UPDATE: This story has been updated to reflect the latest reporting.

During an episode of Donald Trump’s reality TV show, Celebrity Apprentice, he promised contestant Dayana Mendoza that he would donate $10,000 to her charity, the Latino Commission on AIDS. That was in 2012. Earlier this week, the commission’s Daniel Lyva was quoted in the Washington Post saying it still has not received the money.

This was one of five instances the Post claimed were “phantom donations”—money that Trump’s charity, the Donald J. Trump Foundation, reported as donated on tax filings but that the recipients claimed they never received.

However, since the story was printed and CNN began inquiring about the missing funds, three of the missing donations have been found. One of those was the gift to the Latino Commission on AIDS. The group’s president, Guillermo Chacon, told the newspaper that a senior staffer double-checked the records and found the Trump Foundation’s contribution.

In another instance, a $10,000 donation to the Giving Back Fund had been filed in an older recordkeeping system under a charity bearing a different name that falls under the fund’s umbrella. This had eluded the initial researchers.

Other aspects of the Post’s original reporting apparently remain correct, if contested by Trump’s campaign. For example, the paper reports that Trump has not donated his own money to the foundation since 2008. Instead, the foundation with his name on it (and on the checks) gives away other people’s money.

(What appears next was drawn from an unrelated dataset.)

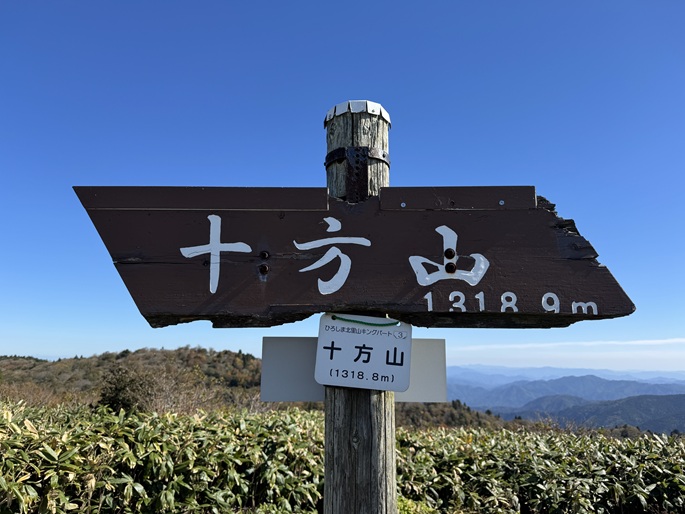 広島県安芸太田町・島根県益田市の恐羅漢山(1364m*日本の山1000*中国名百山)を広島県廿日市市の十方山(1319m*日本の山1000*中国名百山)を経て登った。 明るく開けた十方山の山頂は展望が良く、瀬戸内海越しに四国の山々が遠望されたが、隣の恐羅漢山は十方山の最高点(1328m)に遮られて見えなかった。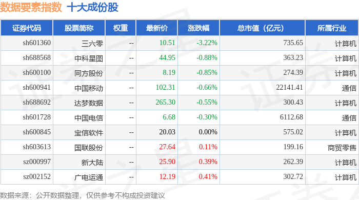 资金流向方面,数据要素(399418)指数成份股当日主力资金净流入合计3.87亿元,游资资金净流出合计10.43亿元,散户资金净流入合计6.56亿元。成份股资金流向详情见下表:

One of the so-called phantom donations was for $25,000 to the Kansas nonprofit Justice for All, which works to “make abortion unthinkable.” The group never received the funds. Trump’s organization claimed that this group was listed as a recipient because of an accounting error. The funds, in fact, made it to the desired recipient: And Justice for All, a group that supports Republican Florida Attorney General Pamela Bondi.

But that’s problematic too. The Internal Revenue Service prohibits nonprofits such as Trump’s foundation from making political gifts like the donation to Bondi. Which is to say nothing of the conflict of interest inherent in the situation since Bondi was the person to decide whether to open investigations into Trump University.